A large slab of mass 5 kg lies on a smooth horizontal surface, with a block of mass 4 kg lying on the top of it; the coefficient of friction between the block and the slab is 0.25. If the block is pulled horizontally by a force of \(F = 6\) N, the work done by the force of friction on the slab between the instants \(t = 2\) s and \(t = 3\) s is
Show Hint
Always first check whether the blocks move together or separately by comparing applied force with maximum static friction. Then use work-energy methods.
Step 1: Understanding the Concept: Check if both move together. Maximum friction \(= \mu mg = 0.25\times4\times10 = 10\) N \(> F=6\) N, so they move as one.

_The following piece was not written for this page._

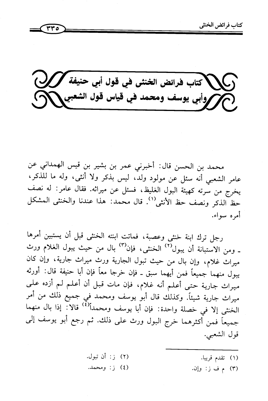 رجل ترك ابنة خنثى وعصبة، فماتت ابنته الخنثى قبل أن يستبين أمرها - ومن الاستبانة أن يبول (¬2) الخنثى، فإن (¬3) بال من حيث يبول الغلام ورث ميراث غلام، وإن بال من حيث تبول الجارية ورث ميراث جارية، وإن كان يبول منهما جميعاً فمن أيهما سبق - فإن خرجا معاً فإن أبا حنيفة قال: أورثه ميراث جارية حتى أعلم أنه غلام، فإن مات قبل أن أعلم لم أزده على ميراث جارية شيئاً. وكذلك قال أبو يوسف ومحمد في جميع ذلك من أمر الخنثى إلا في خصلة واحدة: فإن أبا يوسف ومحمداً (¬4) قالا: إذا بال منهما جميعاً فمن أكثرهما خرج البول ورث على ذلك. ثم رجع أبو يوسف إلى قول الشعبي.
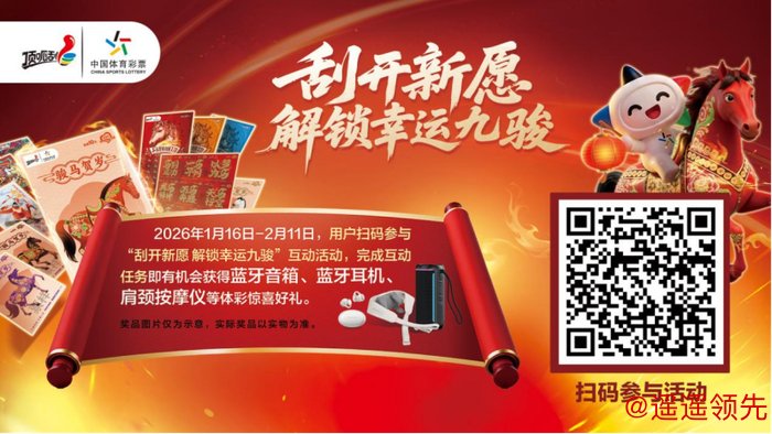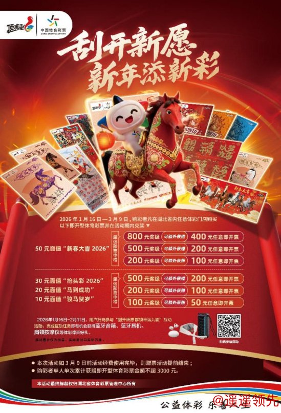 骏马踏春,好运来敲门!2026马年新春,湖北体彩带着满满惊喜,开启“刮开新愿,新年添新彩”主题活动——从1月16日到3月9日九游娱乐app,购彩赢好礼、互动抽大奖,让这个新年“彩”气满满!

Step 2: Detailed Explanation: Combined acceleration: \(a = 6/9 = 2/3\) m/s\(^2\). Friction on slab: \(f = 5 \times a = 10/3\) N. Displacements: \(S(2) = \frac{1}{2}\times\frac{2}{3}\times4 = 4/3\) m; \(S(3) = \frac{1}{2}\times\frac{2}{3}\times9 = 3\) m. Displacement in interval: \(\Delta S = 3 - 4/3 = 5/3\) m. Work done by friction on slab: \[ W = f\,\Delta S = \frac{10}{3}\times\frac{5}{3} = \frac{50}{9} = 5.55 \text{ J} \]
Step 3: Final Answer: Work done by friction on slab \(= 5.55\) J.